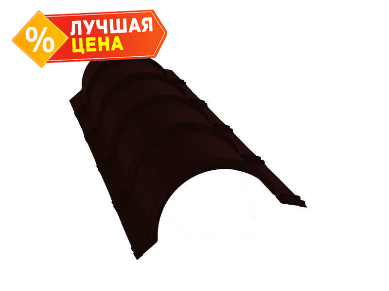 Планка конька полукруглого 0,5 GreenCoat Pural BT с пленкой RR 32 темно-коричневый (RAL 8019 серо-коричневый)
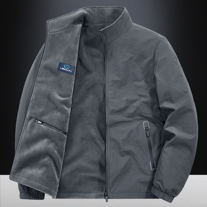 大码双面可穿摇粒绒夹克男潮流外套男秋冬防风保暖立领加绒男卫衣
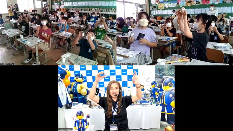 オンライン電池教室は2022年で20周年を迎え、京都市立竹の里小学校ではコロナ禍の授業参観として、周年記念の電池教室が実施された
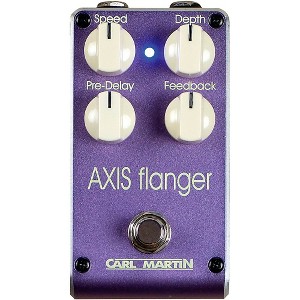 The Carl Martin Axis Flanger is a small flanger pedal loaded with features. Plus, the controls have been simplified to give all the finesse had with the Carl Martin Classic Flanger but in a reduced size. Complete with a buffered Bypass footswitch for on and off control (indicated by an LED), Speed, Depth, Pre-delay and Feedback controls, the Axis Flanger comes in a machined aluminum case finished in psychedelic purple with those Carl Martin graphics. The Axis Flanger must be powered by a regulated 9v Power Supply like the Carl Martin DC Factory.
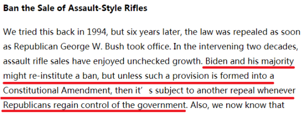 报道举例说明:美国早在1994年就试过禁止销售突击步枪,但6年后共和党人小布什一上任就废除了这项法律。从那时至今的20年里,突击步枪的销售一直在无节制地增长。报道还称,拜登和在国会占多数的民主党可能会重新制定一项禁令,但除非条款成为宪法修正案,否则一旦共和党重新控制政府,这项禁令就会再次被废除。
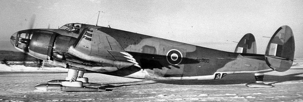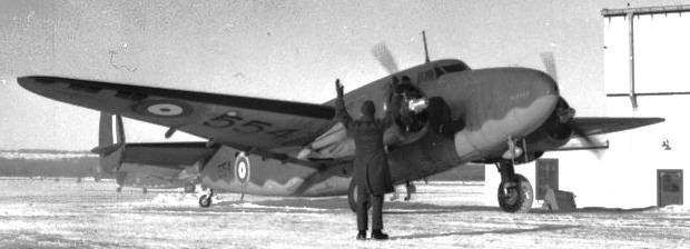 Airspeed A.S. 10 Oxford Mk. II, RCAF (Serial No. -962) mounted on skis.
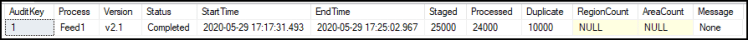 EXEC sp_Audit_Update @AuditKey = 1, @Staged = 25000, @Processed = 24000, @Duplicate = 10000, @Status = 'Completed'
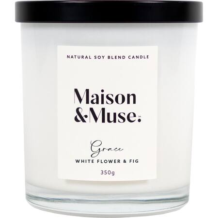 Get Maison & Muse Natural Soy Blend Candle Grace White Flower & Fig 350g delivered to your doorsteps in minutes | NZ
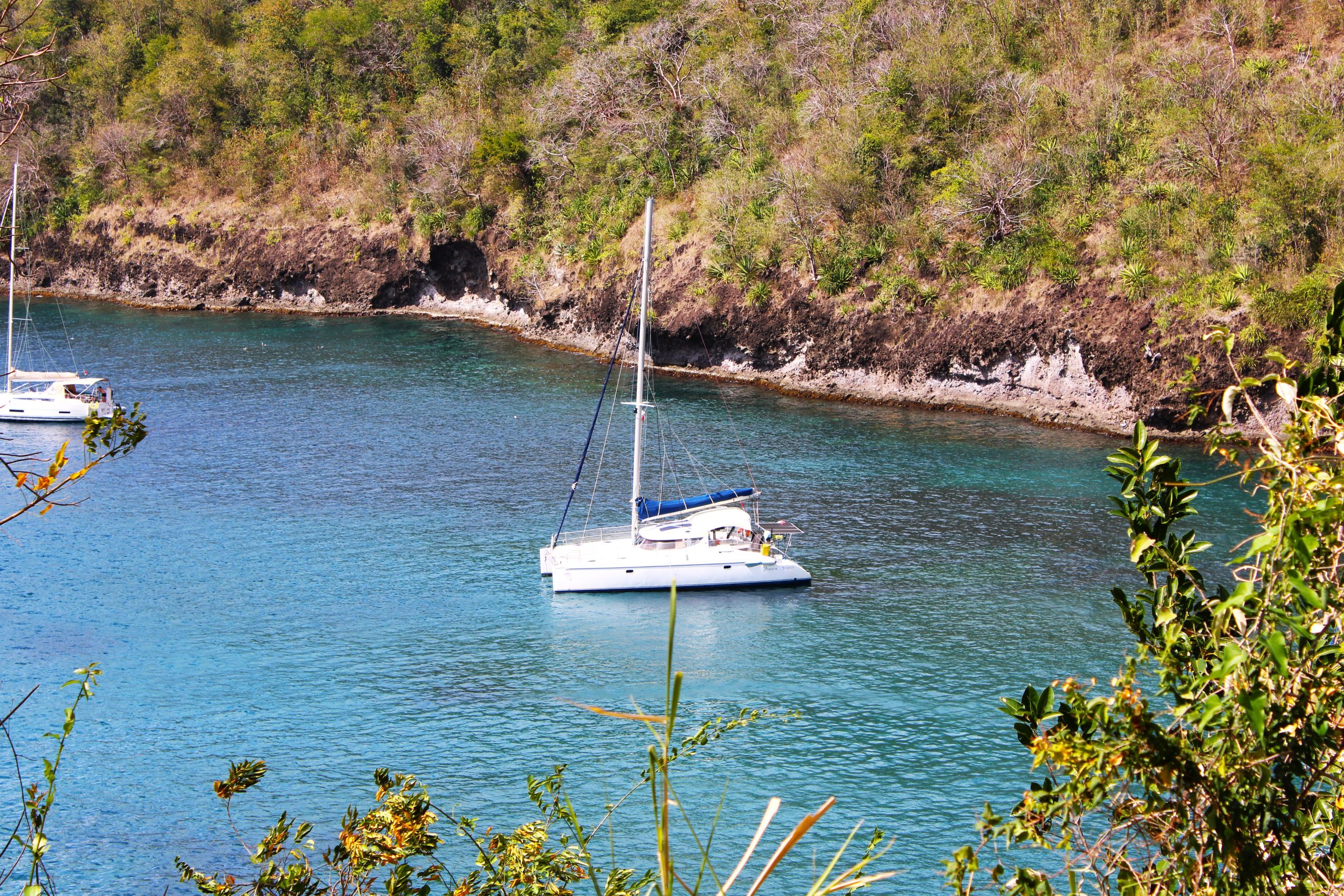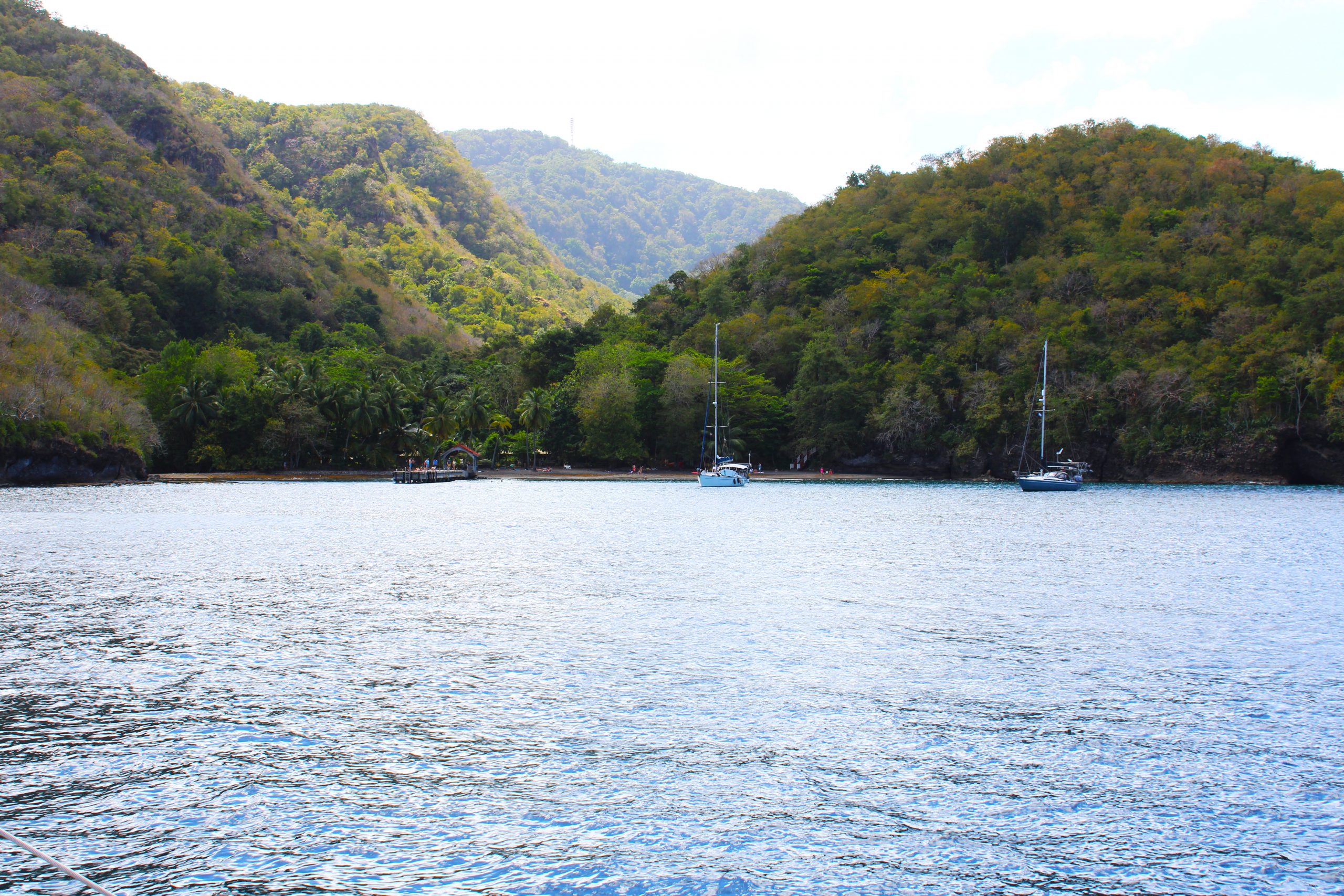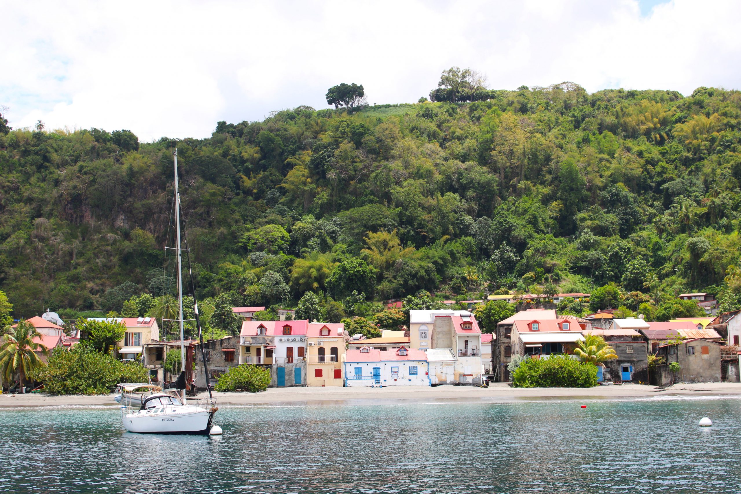 Nur ein paar Seemeilen weiter nördlich liegt Grande Anse d’Arlet, ein malerischer Ort mit kolonialem Dorfkern, Strandbars und, unter Wasser, einem echten Naturparadies. Die Bucht ist bekannt für ihre freundlichen Meeresschildkröten, die direkt zwischen den Ankern grasen, als würden sie zur Happy Hour vorbeischauen. Wir schnorchelten begeistert mit Jakobs Schwester und ihrem Partner zwischen bunten Fischschwärmen, Korallen und einer neugierigen Schildkröte. Der Ort eignet sich wunderbar für ruhige Tage, Sonnenuntergänge und den ein oder anderen Ti’ Punch (das karibische Pendant zum Aperol Spritz, nur stärker 😉).

· · · ·

§ Task prompt
The pictures in the listing above are to be dropped, and everything else reproduced exactly.

§ Result below
 Планка конька полукруглого 0,5 GreenCoat Pural BT с пленкой RR 32 темно-коричневый (RAL 8019 серо-коричневый)
 大码双面可穿摇粒绒夹克男潮流外套男秋冬防风保暖立领加绒男卫衣
 オンライン電池教室は2022年で20周年を迎え、京都市立竹の里小学校ではコロナ禍の授業参観として、周年記念の電池教室が実施された
 The Carl Martin Axis Flanger is a small flanger pedal loaded with features. Plus, the controls have been simplified to give all the finesse had with the Carl Martin Classic Flanger but in a reduced size. Complete with a buffered Bypass footswitch for on and off control (indicated by an LED), Speed, Depth, Pre-delay and Feedback controls, the Axis Flanger comes in a machined aluminum case finished in psychedelic purple with those Carl Martin graphics. The Axis Flanger must be powered by a regulated 9v Power Supply like the Carl Martin DC Factory.
 报道举例说明:美国早在1994年就试过禁止销售突击步枪,但6年后共和党人小布什一上任就废除了这项法律。从那时至今的20年里,突击步枪的销售一直在无节制地增长。报道还称,拜登和在国会占多数的民主党可能会重新制定一项禁令,但除非条款成为宪法修正案,否则一旦共和党重新控制政府,这项禁令就会再次被废除。
 Airspeed A.S. 10 Oxford Mk. II, RCAF (Serial No. -962) mounted on skis.
 EXEC sp_Audit_Update @AuditKey = 1, @Staged = 25000, @Processed = 24000, @Duplicate = 10000, @Status = 'Completed'
 Get Maison & Muse Natural Soy Blend Candle Grace White Flower & Fig 350g delivered to your doorsteps in minutes | NZ
 Nur ein paar Seemeilen weiter nördlich liegt Grande Anse d’Arlet, ein malerischer Ort mit kolonialem Dorfkern, Strandbars und, unter Wasser, einem echten Naturparadies. Die Bucht ist bekannt für ihre freundlichen Meeresschildkröten, die direkt zwischen den Ankern grasen, als würden sie zur Happy Hour vorbeischauen. Wir schnorchelten begeistert mit Jakobs Schwester und ihrem Partner zwischen bunten Fischschwärmen, Korallen und einer neugierigen Schildkröte. Der Ort eignet sich wunderbar für ruhige Tage, Sonnenuntergänge und den ein oder anderen Ti’ Punch (das karibische Pendant zum Aperol Spritz, nur stärker 😉).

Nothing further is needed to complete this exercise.